PROBLEM REQUIREMENTS — What is needed is an exact copy of the lines in the listing below, from the one with "152 x 203 mm, papier" up to and including the one with "Om ongeveer 14:00", with no other lines.

RECORDS FOR THIS EXERCISE —
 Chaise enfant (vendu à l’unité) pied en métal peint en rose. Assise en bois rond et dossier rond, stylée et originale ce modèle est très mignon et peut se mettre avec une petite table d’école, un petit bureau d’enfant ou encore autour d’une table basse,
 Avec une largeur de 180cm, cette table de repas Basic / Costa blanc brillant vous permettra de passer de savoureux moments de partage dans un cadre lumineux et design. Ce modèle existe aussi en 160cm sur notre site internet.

---

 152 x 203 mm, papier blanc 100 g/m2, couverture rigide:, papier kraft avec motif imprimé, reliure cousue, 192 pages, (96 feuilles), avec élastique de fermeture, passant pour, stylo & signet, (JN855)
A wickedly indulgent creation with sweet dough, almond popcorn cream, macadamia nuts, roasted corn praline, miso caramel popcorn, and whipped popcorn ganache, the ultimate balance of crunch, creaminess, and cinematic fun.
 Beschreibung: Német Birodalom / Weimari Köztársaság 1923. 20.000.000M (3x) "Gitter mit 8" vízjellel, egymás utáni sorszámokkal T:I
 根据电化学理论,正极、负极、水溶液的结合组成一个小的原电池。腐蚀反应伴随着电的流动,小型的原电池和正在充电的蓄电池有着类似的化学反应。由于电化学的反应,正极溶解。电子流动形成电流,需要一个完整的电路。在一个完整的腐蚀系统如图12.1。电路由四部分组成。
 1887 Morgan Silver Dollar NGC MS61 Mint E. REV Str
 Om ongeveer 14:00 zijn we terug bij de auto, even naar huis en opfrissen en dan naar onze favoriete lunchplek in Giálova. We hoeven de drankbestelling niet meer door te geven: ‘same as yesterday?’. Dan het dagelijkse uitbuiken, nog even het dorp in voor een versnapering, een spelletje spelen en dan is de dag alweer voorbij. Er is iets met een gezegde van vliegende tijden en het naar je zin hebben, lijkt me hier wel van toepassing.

...

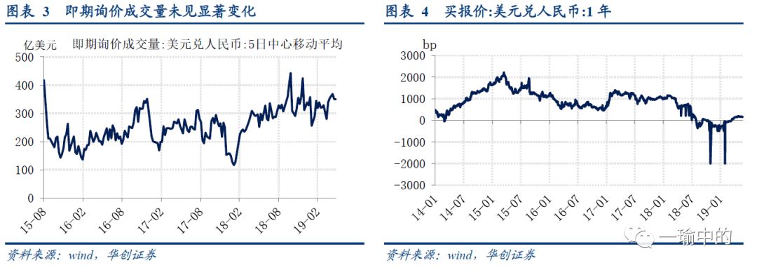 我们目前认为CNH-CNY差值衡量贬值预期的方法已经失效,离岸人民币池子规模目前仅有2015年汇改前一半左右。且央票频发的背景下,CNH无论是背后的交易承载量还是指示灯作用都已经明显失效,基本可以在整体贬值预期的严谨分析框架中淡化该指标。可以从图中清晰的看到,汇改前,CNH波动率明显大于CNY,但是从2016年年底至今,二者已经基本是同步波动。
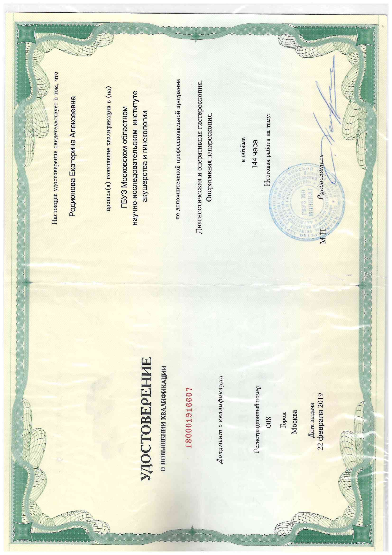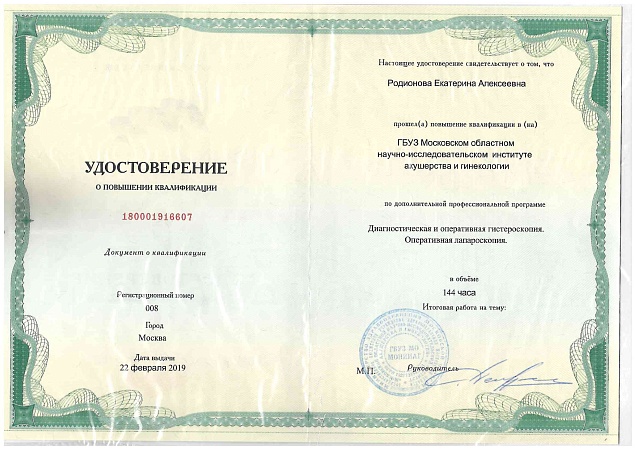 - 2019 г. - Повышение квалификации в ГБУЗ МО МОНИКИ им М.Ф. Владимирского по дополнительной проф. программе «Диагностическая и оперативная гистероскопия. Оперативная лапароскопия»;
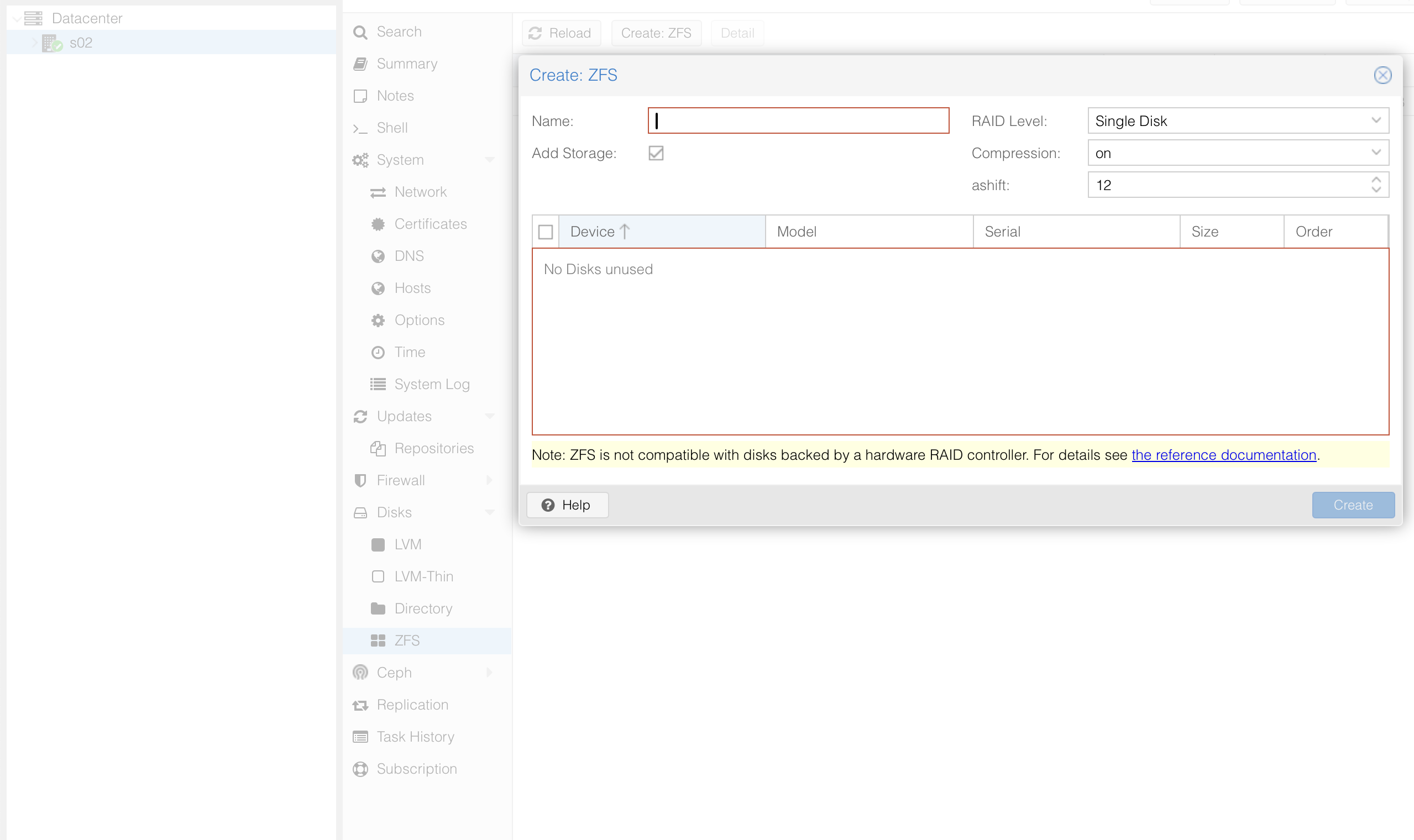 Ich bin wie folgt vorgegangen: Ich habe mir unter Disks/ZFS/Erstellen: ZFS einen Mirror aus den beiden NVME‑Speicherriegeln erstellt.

OUTPUT —
 152 x 203 mm, papier blanc 100 g/m2, couverture rigide:, papier kraft avec motif imprimé, reliure cousue, 192 pages, (96 feuilles), avec élastique de fermeture, passant pour, stylo & signet, (JN855)
A wickedly indulgent creation with sweet dough, almond popcorn cream, macadamia nuts, roasted corn praline, miso caramel popcorn, and whipped popcorn ganache, the ultimate balance of crunch, creaminess, and cinematic fun.
 Beschreibung: Német Birodalom / Weimari Köztársaság 1923. 20.000.000M (3x) "Gitter mit 8" vízjellel, egymás utáni sorszámokkal T:I
 根据电化学理论,正极、负极、水溶液的结合组成一个小的原电池。腐蚀反应伴随着电的流动,小型的原电池和正在充电的蓄电池有着类似的化学反应。由于电化学的反应,正极溶解。电子流动形成电流,需要一个完整的电路。在一个完整的腐蚀系统如图12.1。电路由四部分组成。
 1887 Morgan Silver Dollar NGC MS61 Mint E. REV Str
 Om ongeveer 14:00 zijn we terug bij de auto, even naar huis en opfrissen en dan naar onze favoriete lunchplek in Giálova. We hoeven de drankbestelling niet meer door te geven: ‘same as yesterday?’. Dan het dagelijkse uitbuiken, nog even het dorp in voor een versnapering, een spelletje spelen en dan is de dag alweer voorbij. Er is iets met een gezegde van vliegende tijden en het naar je zin hebben, lijkt me hier wel van toepassing.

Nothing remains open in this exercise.